So which are the other two forums ?


----------



## Deleted090308 (Jan 25, 2007)

Do you really expect us to recommend other forums? :grin:


----------



## Frank4d (Dec 15, 2007)

Removed links to other forums so I don't have to help you with the same problem in three different forums.


----------



## sobeit (Nov 11, 2007)

posting the same question in multiple forums can do more harm than good because there are sometimes different ways to solve a problem but trying them all at the same time can do more damage to your system. 

IMO, its waste of resources when one person hogs help from several forums at once.


----------



## Deleted090308 (Jan 25, 2007)

Not to mention multi-posting - that's a sure way to confuse everybody trying to help you, and ultimately yourself.


----------



## carsey (Aug 19, 2006)

To be honest theres no way we can stop this happening.

If people think that posting on 2,3,4 different forums speeds up the process, they are probably wrong. It adds confusion to the issue etc.

Anyhow, why would people want to go elsewhere that TSF???


----------



## Monty Python (Nov 2, 2007)

So, back to the original question, what are some of the other "top-notch" forums on the interet ? I see "Expert Exchange" listed frequently, but it appears to be a paid-service. "Tech Support Guy" looks nice, but quality answers seem to be few and far between.

I'm going to ignore everything else posted here, as it is obvious the OP hasn't been read completely and understood.


----------



## carsey (Aug 19, 2006)

Well, there are many different forums out on the net. You just cant judge the quality of a forum by how many posts or members it has.

You judge by the friendliness and quality of advice given.

TSF is the best out there. :wink:


----------



## Deleted090308 (Jan 25, 2007)

Monty Python said:


> so that I can post questions on numerous forums in order to increase the answer quality and speed.


Pardon me, but I think I understood that perfectly well.


----------



## Frank4d (Dec 15, 2007)

Monty Python said:


> I'm going to ignore everything else posted here, as it is obvious the OP hasn't been read completely and understood.


OK, I think I get what you are asking. Regarding questions about case modding, or overclocking or AMD vs. Intel? (anything not related to a problem), go ahead and post in multiple forums.


----------



## sobeit (Nov 11, 2007)

Monty Python said:


> So, back to the original question, what are some of the other "top-notch" forums on the interet ?
> 
> I'm going to ignore everything else posted here, as it is obvious the OP hasn't been read completely and understood.
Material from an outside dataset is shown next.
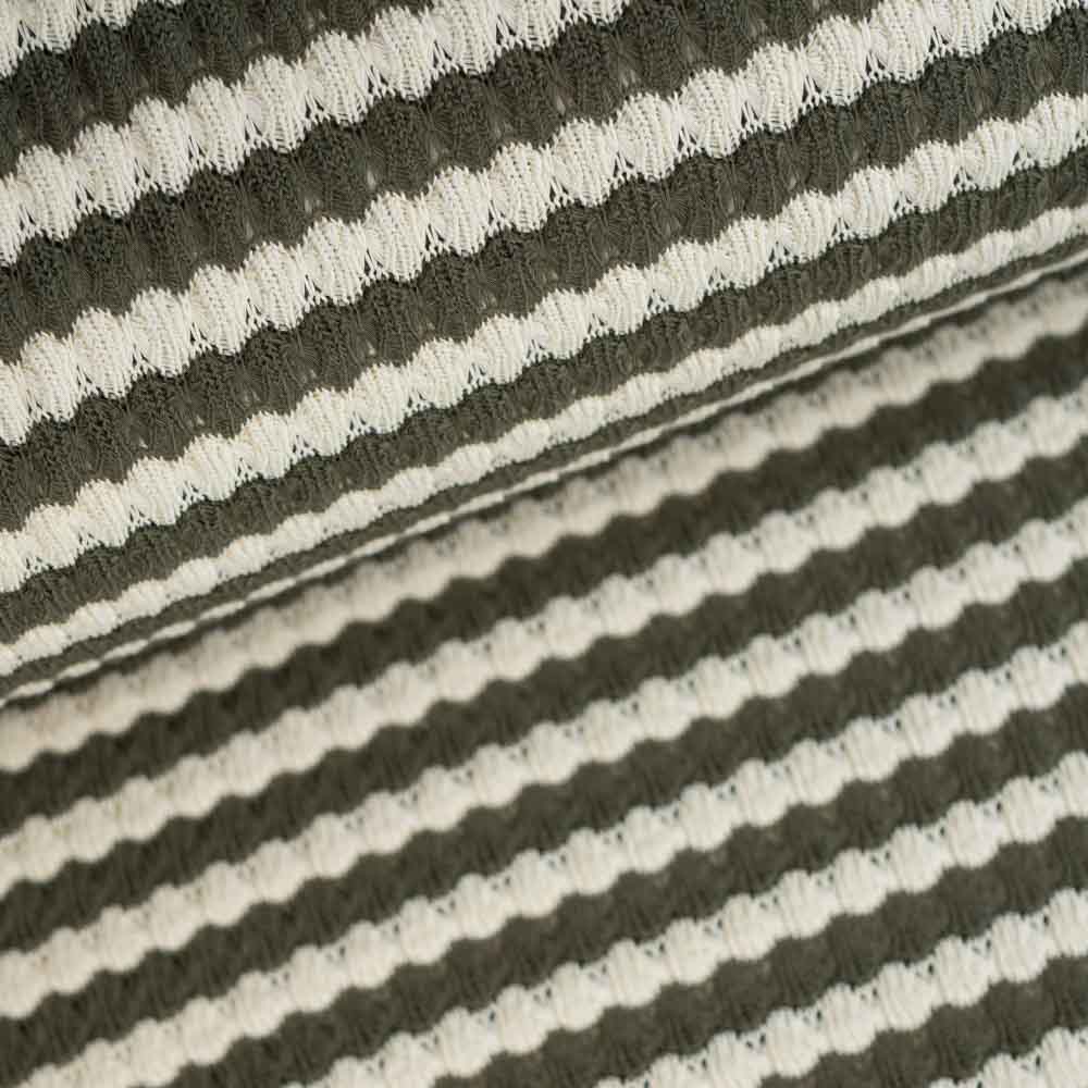Jacquard Strick Häkel-Look Streifen khaki
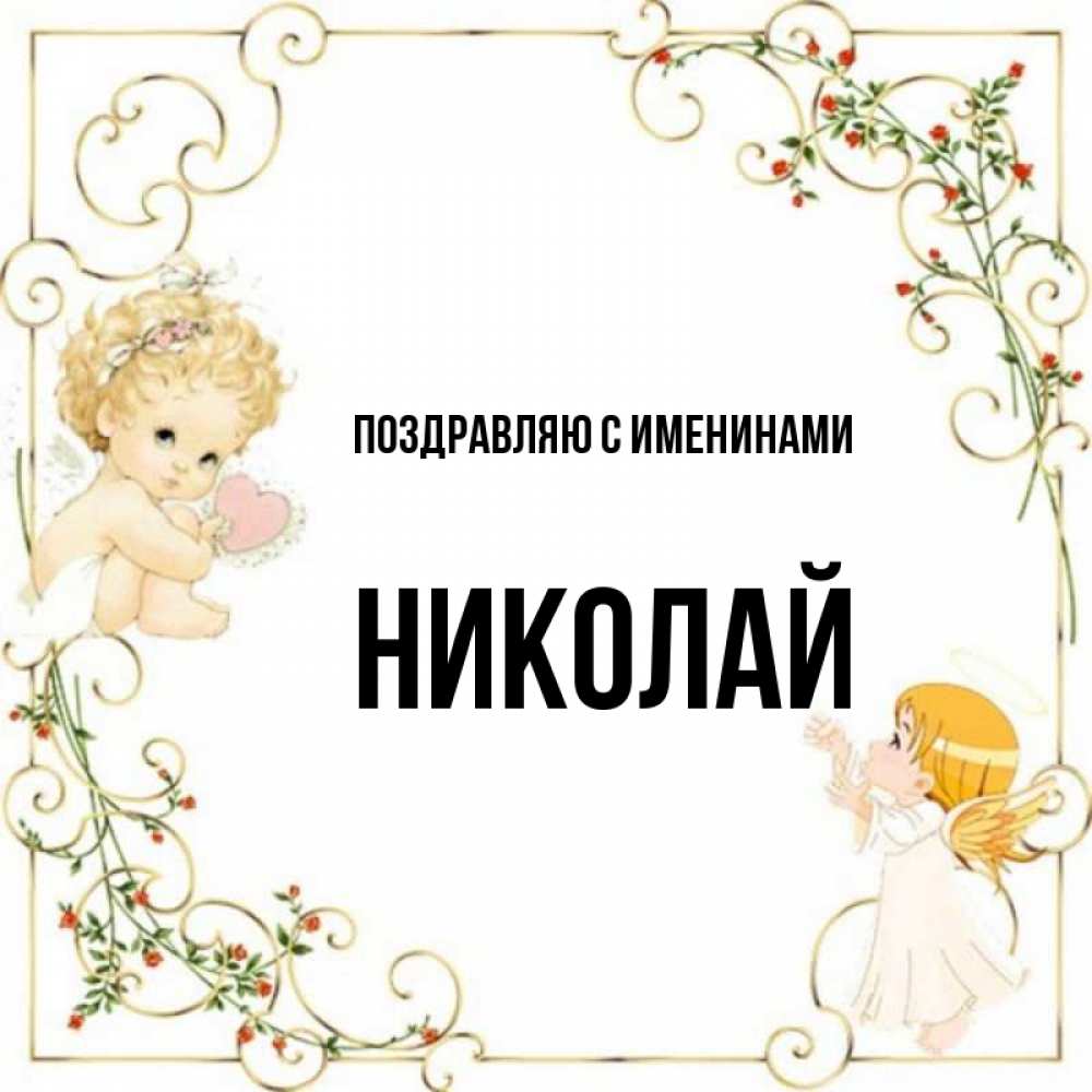 Открытка Поздравляю с именинами Николай. Ангелы в рамочке с цветами. ангелы желают прекрасных именин

your question was understood quite well by everyone. It was just like going into dr pepper bottling company and asking where the coke machine is. 



> Originally Posted by Monty Python View Post
> so that I can post questions on numerous forums in order to increase the answer quality and speed.


top-notch forums are in the eyes of the beholder so your best bet will be to google and do your own research.


----------



## dai (Jul 2, 2004)

i think the original question has been understood and if answered would see the thread binned under the forum rules


----------



## Done_Fishin (Oct 10, 2006)

Monty Python said:


> So, back to the original question, what are some of the other "top-notch" forums on the interet ? I see "Expert Exchange" listed frequently, but it appears to be a paid-service. "Tech Support Guy" looks nice, but quality answers seem to be few and far between.
> 
> I'm going to ignore everything else posted here, as it is obvious the OP hasn't been read completely and understood.


I am not saying that I am biased but there is only *ONE *forum .. and you're there :grin:


----------



## Monty Python (Nov 2, 2007)

dai said:


> i think the original question has been understood and if answered would see the thread binned under the forum rules


Well if asking about other sources of information is explicitly against the rules, a simple statement to this effect with a link to whatever rule applied would have been best.

I had thought that this forum might be a place where people that were interested in acquiring and sharing knowledge might be able to do so. I was not aware that this was an exclusive club that prohibited discussion of other sources of information.

There are many other forums. I'll search elsewhere.


----------



## dai (Jul 2, 2004)

there are hundreds of forums and i think on 99.9% of them you will run into the same brick wall for what is considered soliciting spam


----------



## Deleted090308 (Jan 25, 2007)

Thanks Dai.


----------